Such confidence we have through Christ toward God (2 Corinthians 3:4).
Therefore, since we have such hope, we act very boldly (2 Corinthians 3:12).
Sometimes we Catholics are particularly noted for our timidity, fearfulness and insecurity. Many of us don't understand what God has done for us. Many of us haven't entered into the personal relationship with Jesus that he is offering. Many of us haven't heard preached or taught the great promises of scripture about his commitment to us and our relationship to him. Many of us seem to have a relationship to the Church as an institution but seem to be only dimly aware of Jesus as the Head of the Church or the mystery of the Church as his Body. Many of us are aware of the possibility of "not making it" to heaven but not aware of everything God has done to enable us to "make it."

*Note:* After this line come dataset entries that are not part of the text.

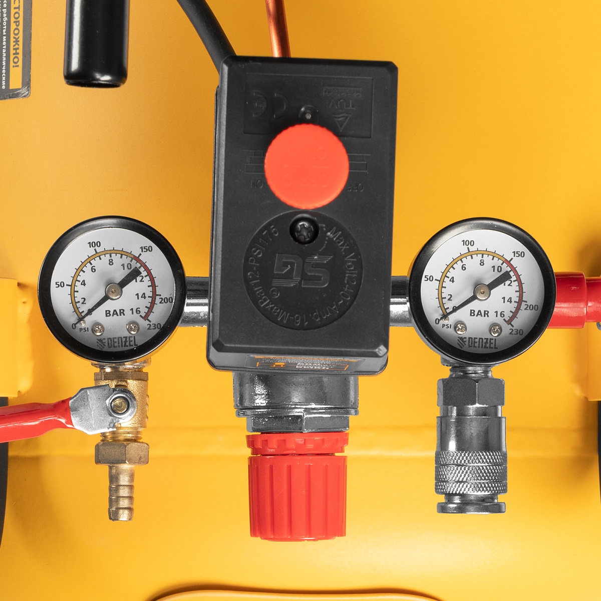 Наличие клапана для сброса давления Компрессор воздушный BCW3000-T/100, ременный привод, 3.0 кВт, 100 литров, 520 л/мин Denzel
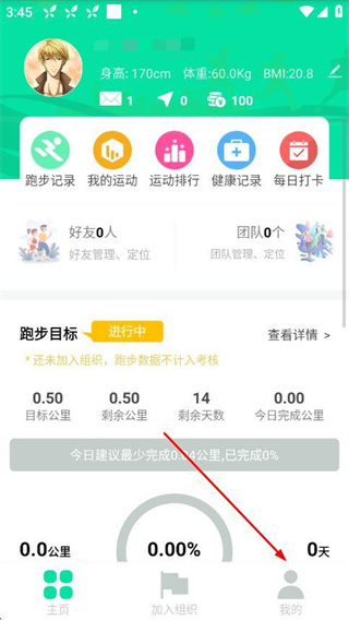 1、 打开位动酷跑app的首页,点击底部我的选项,进入个人中心页面。
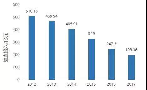 2012-2017年中国固体矿产勘查投入(来源:2018年中国矿产资源报告)
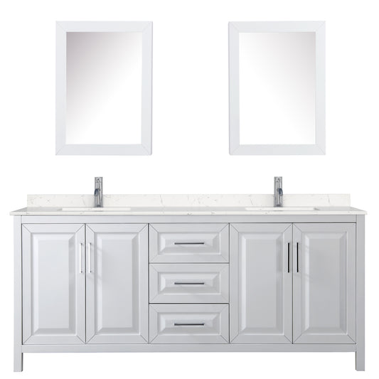 Daria 80" Double Vanity in White, Carrara Cultured Marble Top, 24" Mirrors
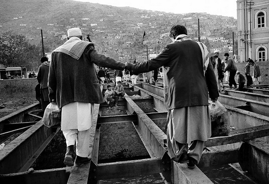 喀布爾居民走過一座尚未完工的橋梁?;A設施建設也許是最為有效的外來援助,它可以真正的改變阿富汗人的生活。
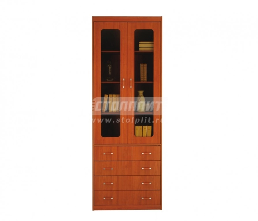 Шкаф с четырьмя ящиками и отделением со стеклянными дверцами. Это искусное сочетание классических форм и функциональности. В нижней части шкафа вы найдете четыре выдвижных ящика, а верхняя часть закрыта двумя дверцами со стеклянными вставками. В шкафу можно хранить книги, посуду или другие предметы. Цвет шкафа: «вишня Барселона» и «розовое дерево».
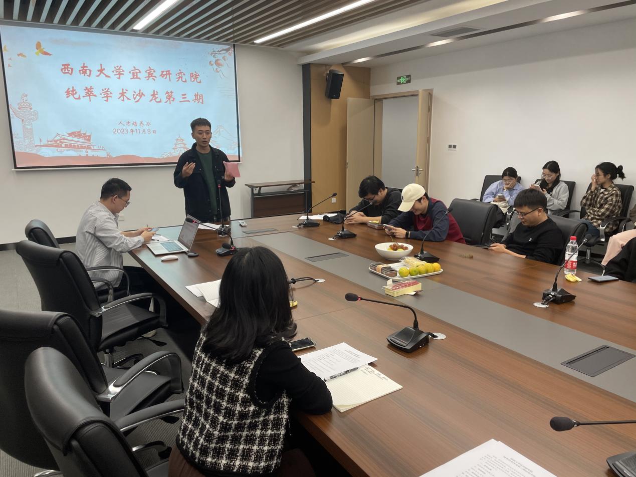 为加强研究生学术交流,营造良好的学术研究氛围,激发研究生科研创新活力,提高我院研究生的学术素养。11月8日晚上,在宜宾研究院624会议室举办PA视讯集团含弘学子讲坛暨宜宾研究院纯萃学术沙龙第三期。教师教育学院、资源与环境学院、食品科学学院和园艺园林学院等10个学院30余名在院研究生参加了学术沙龙。研究院副院长吴靖出席学术沙龙并讲话。学术沙龙由韦晓婷老师主持。
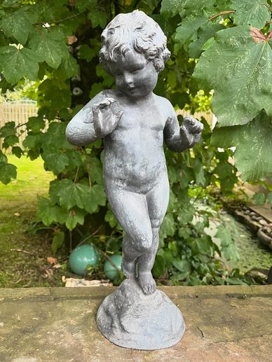 A very beautiful lead winged Angel/Putti, nice heavy piece with a lovely patina. Comes complete with a terracotta plinth.
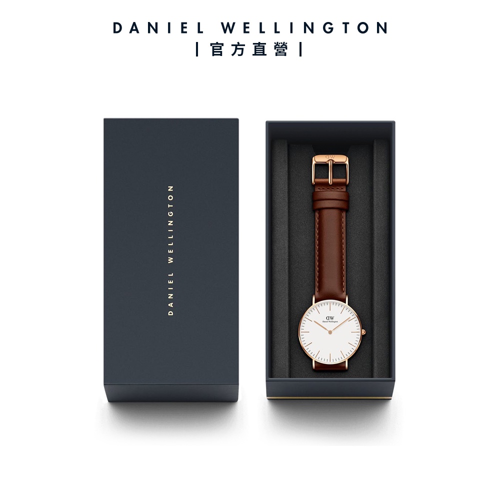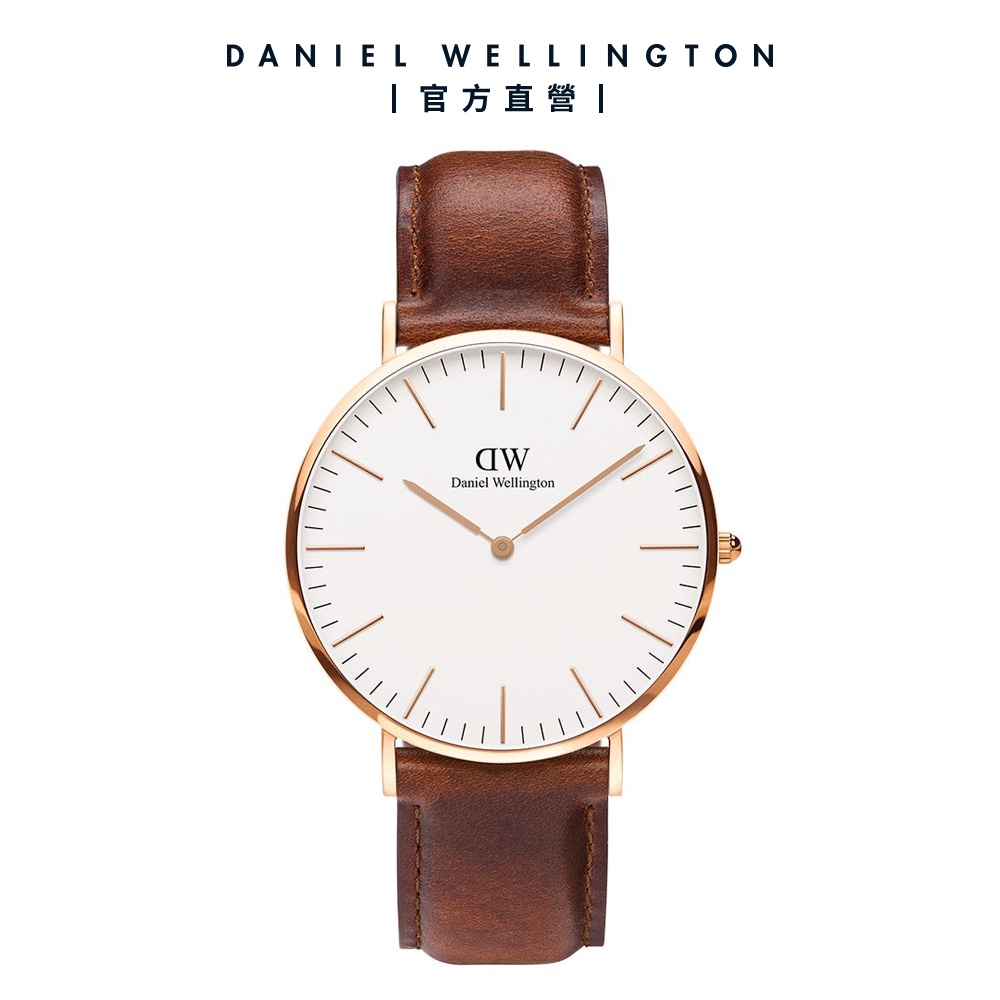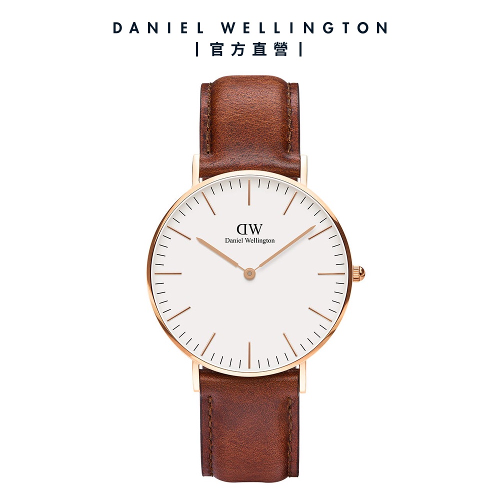 【Daniel Wellington】DW 手錶 Classic St Mawes 36/40mm棕色真皮皮革錶 白錶盤
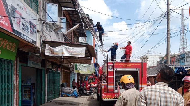 Informasi yang dihimpun, api pertama kali muncul dari dalam ruko yang dijadikan usaha penjualan roti dan kue-kue.
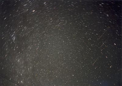 | 2001年11月19日 午前1時57分 火球と、超珍しい静止流星その流星痕画像 流星痕は5分以上続いて見えました 右は、10秒前の火球(下)と、静止流星最大光度静止画 1,720キロバイトあります |
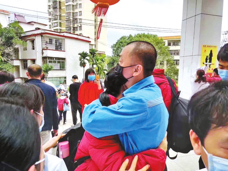 “你要好好的,平安回來,我和孩子們都想你?!?月14日,情人節(jié)這天,海南電網(wǎng)五指山供電局正在值班的曾斡得知妻子胡穎青支援武漢的申請(qǐng)已經(jīng)通過,要立即出發(fā),就請(qǐng)假?gòu)淖冸娬净丶?,帶著兒子趕到醫(yī)院給妻子送上一個(gè)深情的擁抱。
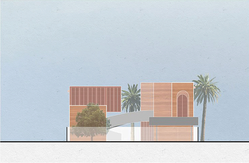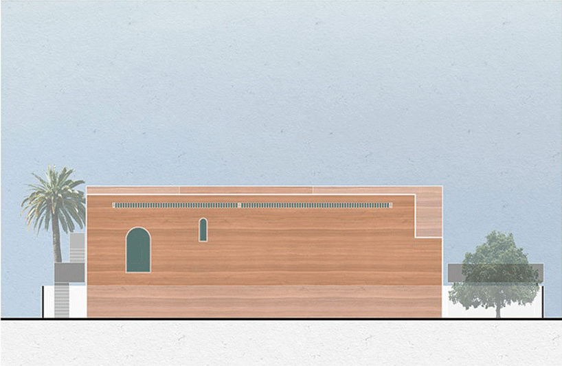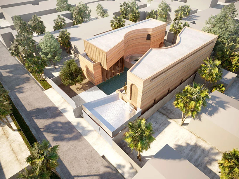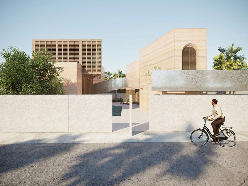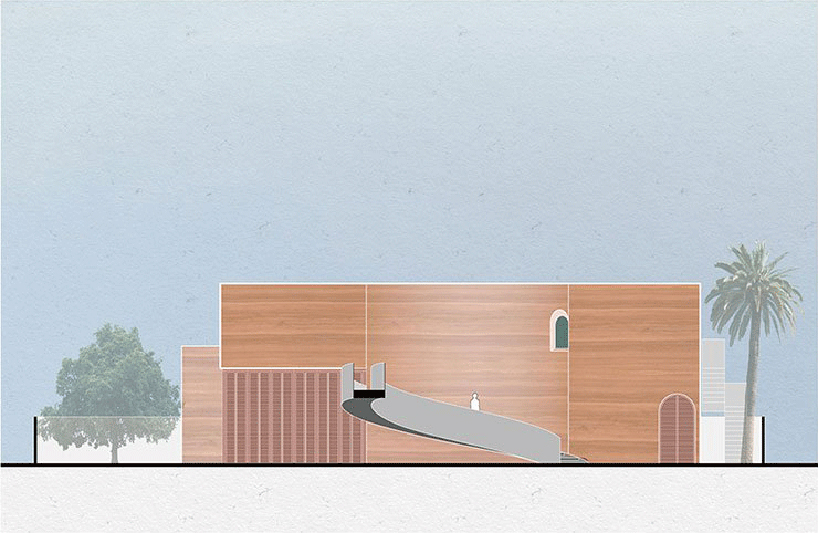 در وسط حياط، پلکاني مارپيچ قرار دارد که از استخر به گالري عمومي منتهي مي شود. با پيوند و در هم آميختن برنامه هاي اجتماعي و شخصي، خانه به مکاني جديد و بيش از صرفاً يک منزل مسکوني تبديل مي شود. ديوارهاي خاکي، پله ها و نرده هاي فولادي گالوانيزه با يکديگر در آميخته تا آن جا را به مکاني بي عيب و نقص و باصلابت تبديل کنند؛ مکاني که همچنان استوار، ريشه دوانده در خاک و آزاد است.

While we, like Paul, need to "work out our salvation with fear and trembling" in a holy humility, appropriate fear, respect, and reverence for God, aware that it is possible to turn away after knowing the Lord, we also need to know how deep God's commitment is to us, how much he wants us to make it, and how much he is doing to ensure that we will.
No outside force, no pressure or stress, can ever separate us from the love of God.
What will separate us from the love of Christ? Will anguish, or distress, or persecution, or famine, or nakedness, or peril, or the sword? As it is written:
"For your sake we are being slain all the day; we are looked upon as sheep to be slaughtered."
No, in all these things we conquer overwhelmingly through him who loved us. For I am convinced that neither death, nor life, nor angels, nor principalities, nor present things, nor future things, nor powers, nor height, nor depth, nor any other creature will be able to separate us from the love of God in Christ Jesus our Lord (Romans 8:35-39).
The only thing that can cut us off from God is if we choose to do so and he's committed to give us an immense amount of help not to do so. After investing so much in us through the death of his Son, and knowing our human weakness so well, he's not about now to abandon us, but to overwhelm us with grace all along the way.
What then shall we say to this? If God is for us, who can be against us? He who did not spare his own Son but handed him over for us all, how will he not also give us everything else along with him? Who will bring a charge against God's chosen ones? It is God who acquits us. Who will condemn? It is Christ (Jesus) who died, rather, was raised, who also is at the right hand of God, who indeed intercedes for us (Romans 8:31-34).
God's love will never abandon us; it is steadfast, it is reliable, it is always there for us.
Give thanks to the Lord for he is good, his kindness endures forever (Psalm 107:1)!
Give thanks to him; bless his name, for he is good:
the Lord, whose kindness endures forever,
and his faithfulness, to all generations (Psalm 100:5).
Give thanks to the Lord, for he is good,
for his mercy endures forever;
Give thanks to the God of gods,
for his mercy endures forever (Psalm 136:1-2).
Though the mountains leave their place and the hills be shaken, my love shall never leave you nor my covenant of peace be shaken, says the Lord, who has mercy on you (Isaiah 54:10)
God intends that we have a fundamental confidence in his love for us, a confidence that his love and mercy will bring us home to heaven, giving us the grace we need along the way to stay faithful to him. He wants us to know his love in such a way that it casts out an anxious and debilitating fear of damnation.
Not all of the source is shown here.